YOUR INSTRUCTIONS:
Would you please reproduce all the entries word for word, minus the pictures?

RECORDS PROVIDED:

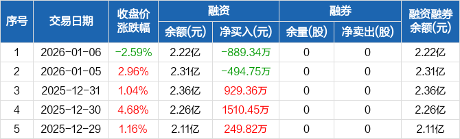 新铝时代:融资净偿还889.34万元,融资余额2.22亿元(01-06)
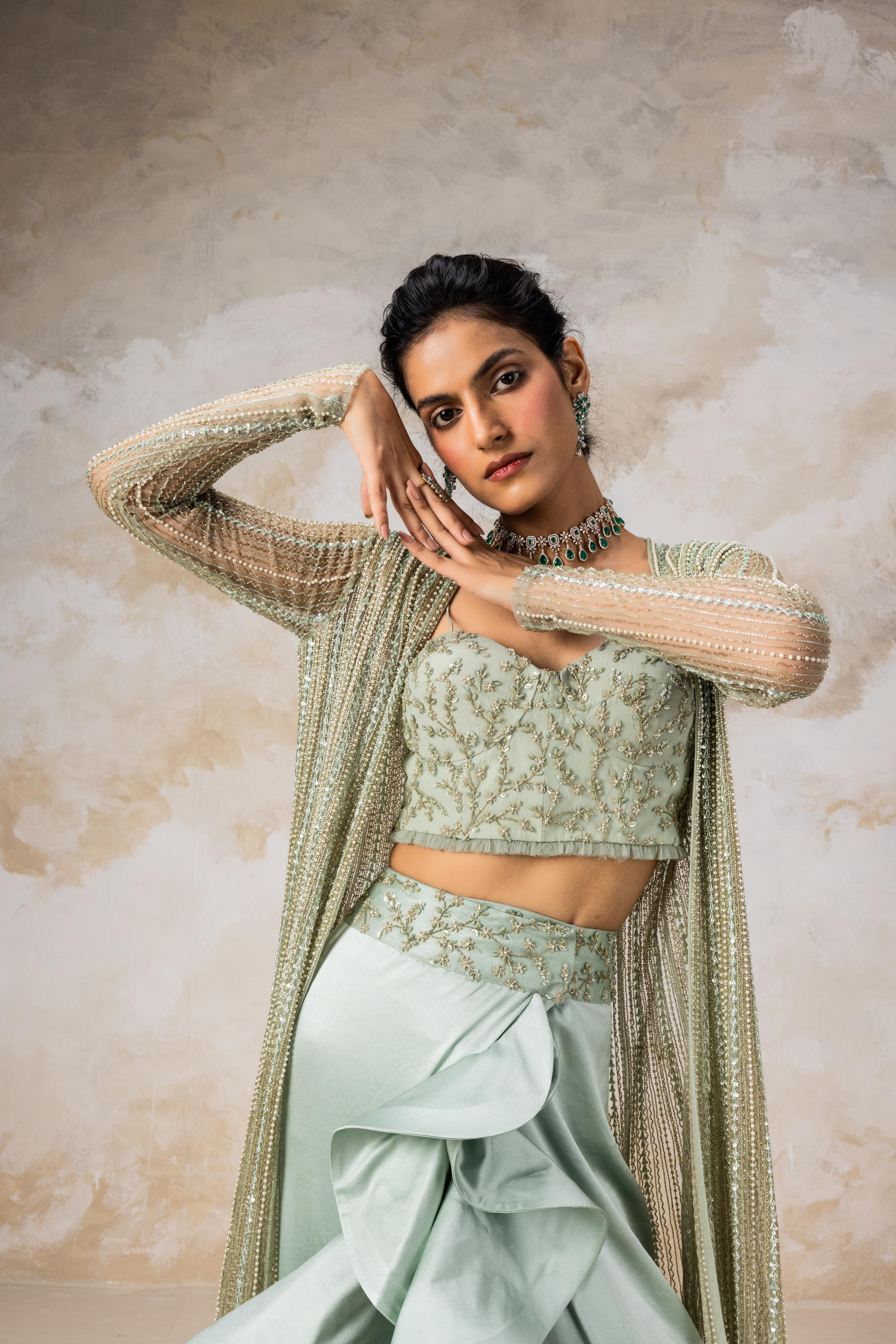 This stunning floor-length jacket is heavily embroidered, exuding opulence and intricate craftsmanship. It is paired with a gold and green combination jaal corset, offering a striking contrast and modern sophistication. The ensemble is completed with a satin flouncy ruffled skirt, adding volume and movement. Perfect for grand occasions, this outfit blends luxury with contemporary elegance for a show-stopping look.
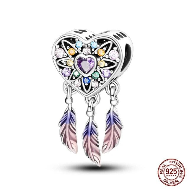 Spiritual Dreamcatcher Heart Charm for Bracelet, S925 Sterling Silver
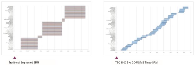圖1. 分段SRM(左)和定時(shí)-SRM(右)的采集時(shí)間表。定時(shí)-SRM能夠避免采集不必要的離子對(duì)(分段SRM方法中會(huì)出現(xiàn)這一情況), 從而更有效地利用弛豫時(shí)間。
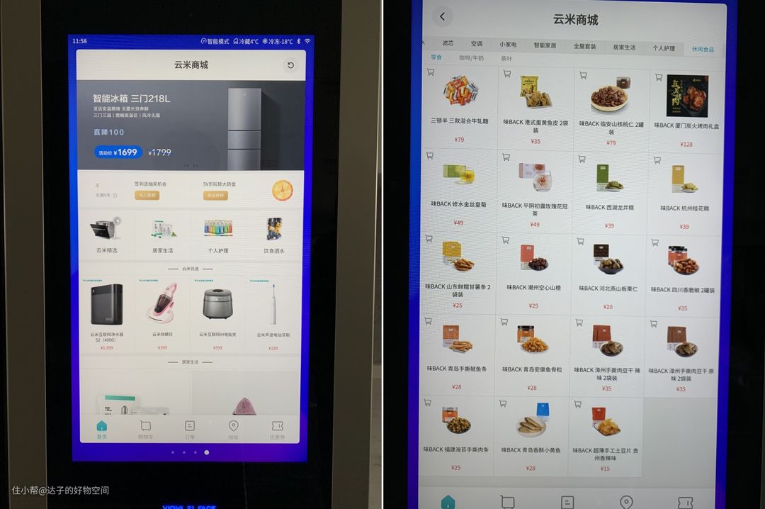 云米在这块大pad中内置了在线商城。用户不仅可以采买电器生活用品外,还可以采购零食、食材等。
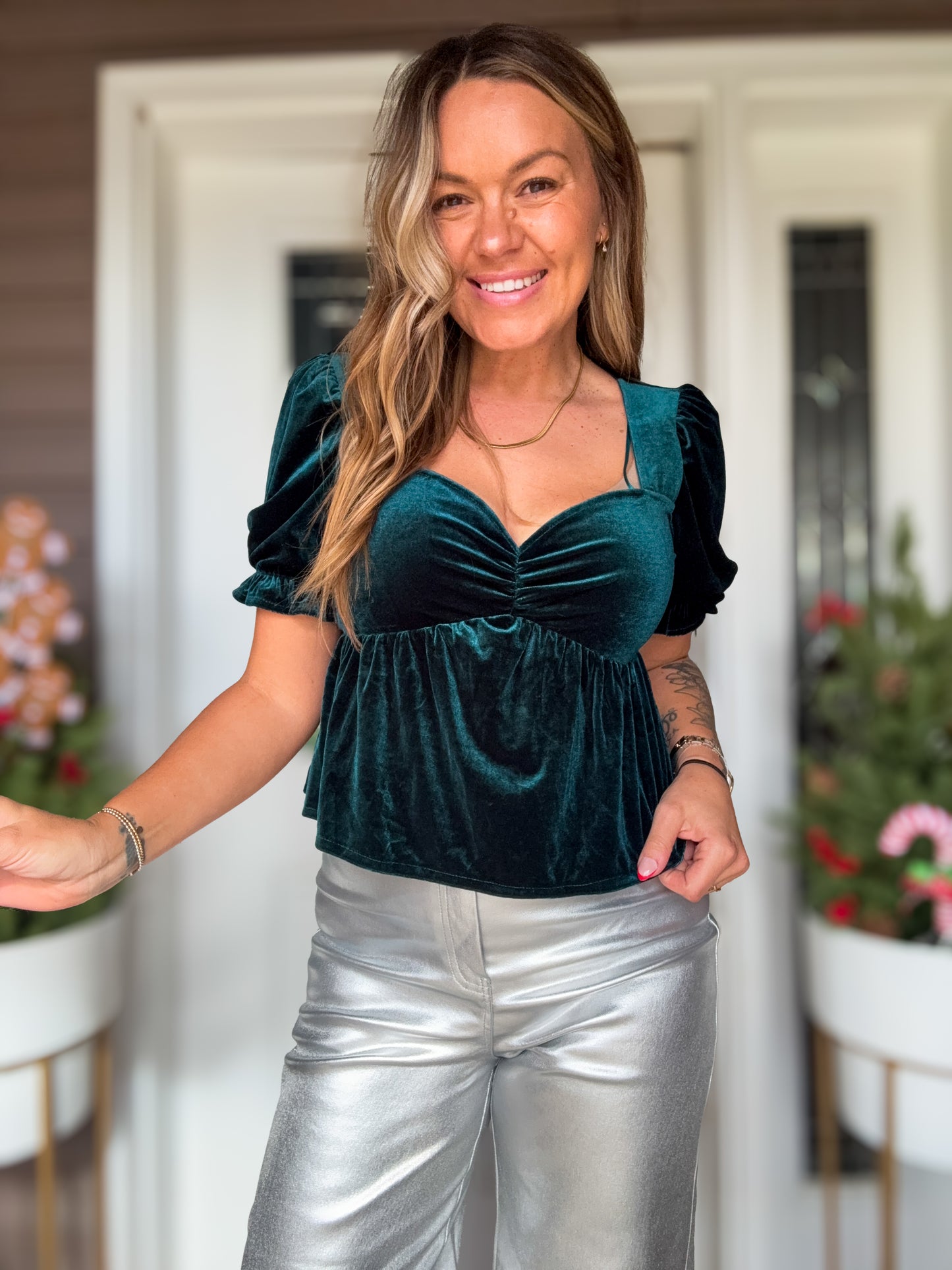 ✨ The Velvet Babydoll Top is your go-to for feminine charm and festive style — flattering, comfortable, and effortles
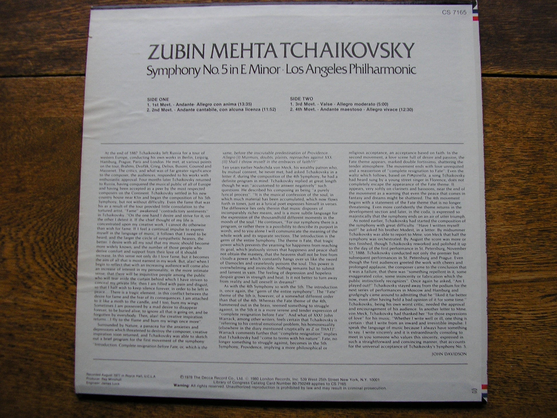 CS 7165  TCHAIKOVSKY: SYMPHONY No. 5   ZUBIN MEHTA / LOS ANGELES PHILHARMONIC ORCHESTRA
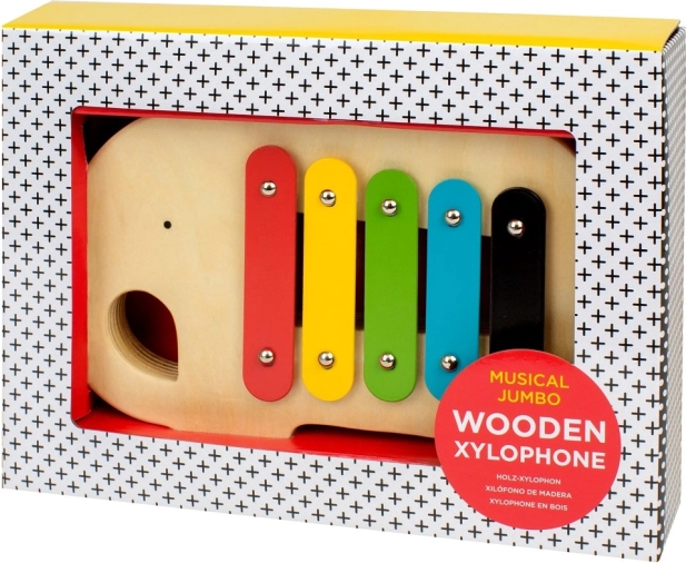 Fem klart farvede metalplader på en træramme formet som en elefant indbyder til at udforske toner og tage de første musikalske skridt. Inkluderer en trækølle med elastisk fastgørelse.

WRITTEN REPLY:
 新铝时代:融资净偿还889.34万元,融资余额2.22亿元(01-06)
 This stunning floor-length jacket is heavily embroidered, exuding opulence and intricate craftsmanship. It is paired with a gold and green combination jaal corset, offering a striking contrast and modern sophistication. The ensemble is completed with a satin flouncy ruffled skirt, adding volume and movement. Perfect for grand occasions, this outfit blends luxury with contemporary elegance for a show-stopping look.
 Spiritual Dreamcatcher Heart Charm for Bracelet, S925 Sterling Silver
圖1. 分段SRM(左)和定時(shí)-SRM(右)的采集時(shí)間表。定時(shí)-SRM能夠避免采集不必要的離子對(duì)(分段SRM方法中會(huì)出現(xiàn)這一情況), 從而更有效地利用弛豫時(shí)間。
 云米在这块大pad中内置了在线商城。用户不仅可以采买电器生活用品外,还可以采购零食、食材等。
 ✨ The Velvet Babydoll Top is your go-to for feminine charm and festive style — flattering, comfortable, and effortles
 CS 7165  TCHAIKOVSKY: SYMPHONY No. 5   ZUBIN MEHTA / LOS ANGELES PHILHARMONIC ORCHESTRA
 Fem klart farvede metalplader på en træramme formet som en elefant indbyder til at udforske toner og tage de første musikalske skridt. Inkluderer en trækølle med elastisk fastgørelse.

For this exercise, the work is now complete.